Regardless of the women’s genetic makeup, the total amount of folate in blood, as well as the maximum concentration reached, were significantly higher when the women were taking 5-MTHF compared to when they were taking folic acid.35
5-MTHF Lowers Homocysteine Levels
The superiority of 5-MTHF for increasing blood levels of folate directly translates to lower homocysteine levels.
This was first shown in a study of healthy people.40 For the study, a low dose of 5-MTHF (113 mcg per day) was compared with a low dose of folic acid (100 mcg per day). After six months, the mean total homocysteine was reduced by 14.6% in the 5-MTHF group, compared with only 9.3% in the folic acid group.
Further support for the superiority of 5-MTHF as a homocysteine-lowering supplement comes from a study of patients with kidney disease on dialysis.4 This group of people is at very high risk for elevated homocysteine levels,41,42 as well as high rates of complications and cardiovascular disease that occur as a result. In fact, 93% of this group of people had homocysteine levels above the upper limit of normal, which is considered in this study to be 12 micromol/L.
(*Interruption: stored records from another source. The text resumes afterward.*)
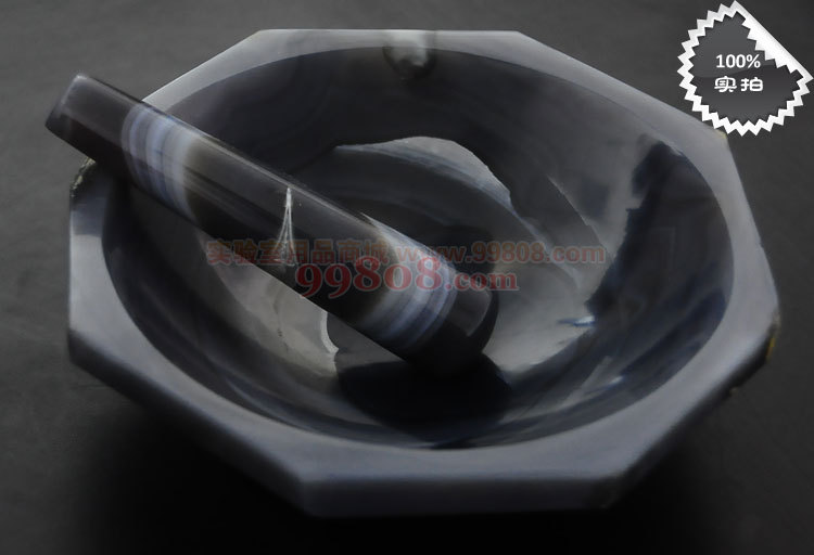 玛瑙研钵,主要用于实验室对少量样本的研磨或固体粉料混合均匀,非工艺品,质量是以保证可正常使用研磨为前提。质量鉴定标准:产品内膛口部至底部中心深度三分之一以内允许有裂纹一处。产品允许有外痕存在。完美主义者请勿拍
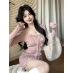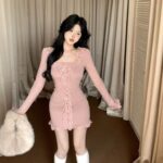 Be the first to review “Womens Slim-fit Lace-trimmed Long-sleeve Dress”
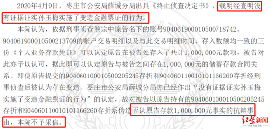 然而,就在2020年4月9日,枣庄市公安局薛城分局出具的《终止侦查决定书》显示,经查明,没有证据证实孙女士实施了变造金融票证的行为。
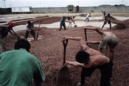 ECUADOR. Near Duran. 2002. Drying cacao at the Cofina export...
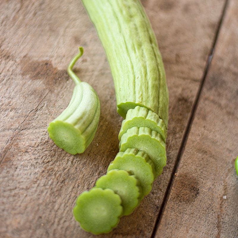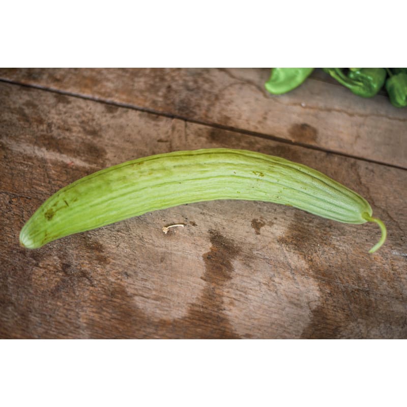 The Armenian Cucumber is a Middle Eastern Heirloom pre-1400. This long, pale green cucumber with white flesh is deliciously different. If grown on a trellis, the fruit will be long and straight, but they will curl if grown on the ground. Fruit remains edible, tender, and tasty at a larger size than most cukes. The Armenian Cucumber is a relative of the honey dew melon.

Subjects were divided into two treatment groups: The first one received 50 mg of intravenous 5-MTHF at the end of each dialysis section and the second received 5 mg per day of folic acid, orally. Both groups received the same intravenous dose of vitamins B6 and B12. After six months, homocysteine levels were reduced to an average of 20.7 micromol/L in the 5-MTHF group, compared with stubbornly high levels of 35.0 micromol/L in the folic acid group.4 Along with the greater homocysteine reduction, after 24 months, those in the 5-MTHF group also had significantly lower levels of the inflammatory marker C-reactive protein, or CRP.
Most importantly, however, was the impact 5-MTHF had on survival. Subjects in the 5-MTHF group survived on average 36.2 months after beginning treatment, while those in the folic acid group survived an average of only 26.1 months—that’s a 39% increase in survival in the 5-MTHF group!4 Interestingly, the doctors who conducted this study attributed the improved survival on the reduction in CRP observed in the 5-MTHF group.
5-MTHF And Depression
5-MTHF is clearly a superior way to achieve optimal blood levels of active folate, as well as the best means known for lowering dangerous homocysteine levels. But it has other benefits as well. Because folate is required in processes that produce the brain’s neurotransmitters,43 5-MTHF has also attracted the interest of researchers that investigate major depression, a condition that reflects imbalances in neurotransmitter quantity or effect.44
Major depression is a debilitating illness that is very difficult to treat: Only about 30% of patients treated with a single antidepressant drug achieve remission of their symptoms, a figure that only rises to 50 to 55% when a second drug is added.45,46 As a result, there has been a major push to find non-pharmacological therapies that could improve response rates. Once researchers discovered that people with low serum and red blood cell levels of folate have poorer responses to antidepressant therapy, they decided to see if adding 5-MTHF to antidepressant drugs could improve response rates.45 The results have been dramatic.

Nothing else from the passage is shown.